:: SUPPLIED MATERIAL

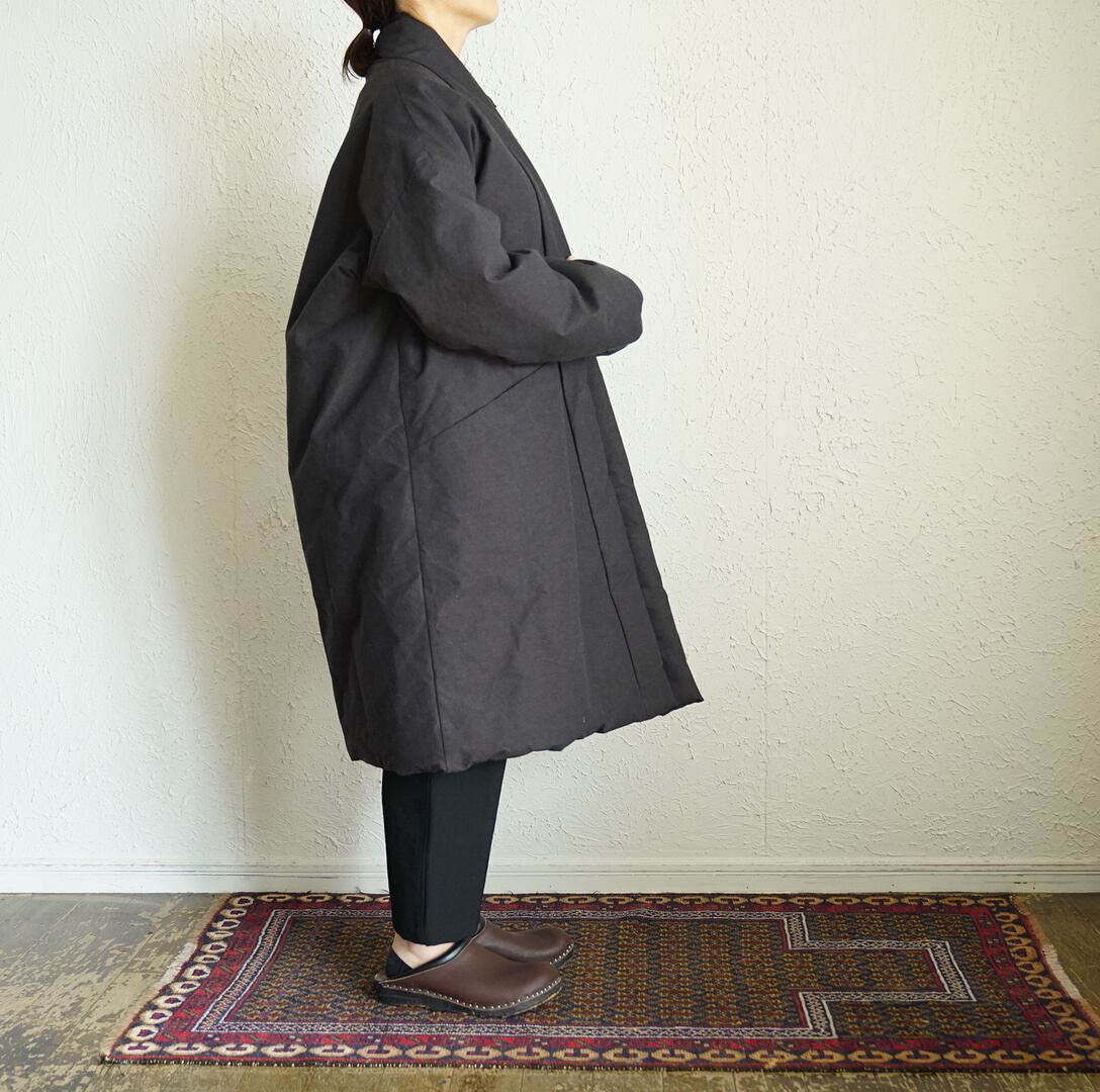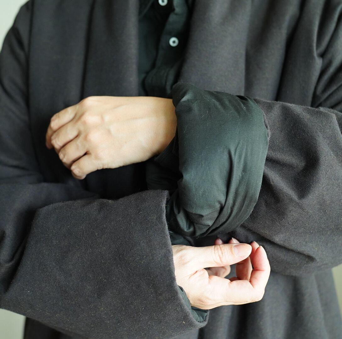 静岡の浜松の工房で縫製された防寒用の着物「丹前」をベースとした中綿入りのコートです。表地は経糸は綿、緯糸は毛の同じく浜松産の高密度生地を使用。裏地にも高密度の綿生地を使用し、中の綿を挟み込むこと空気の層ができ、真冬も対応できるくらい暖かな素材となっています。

::::
:: SUPPLIED MATERIAL

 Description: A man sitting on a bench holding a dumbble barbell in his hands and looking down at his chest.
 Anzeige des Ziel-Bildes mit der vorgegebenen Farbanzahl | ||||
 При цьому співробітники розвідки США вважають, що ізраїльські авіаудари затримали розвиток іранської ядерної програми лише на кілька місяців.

::::

What is needed is an exact copy of the lines above, from the one containing "Anzeige des Ziel-Bildes" through the one containing "При цьому співробітники", with nothing added.

TASK SOLUTION >>
 Anzeige des Ziel-Bildes mit der vorgegebenen Farbanzahl | ||||
 При цьому співробітники розвідки США вважають, що ізраїльські авіаудари затримали розвиток іранської ядерної програми лише на кілька місяців.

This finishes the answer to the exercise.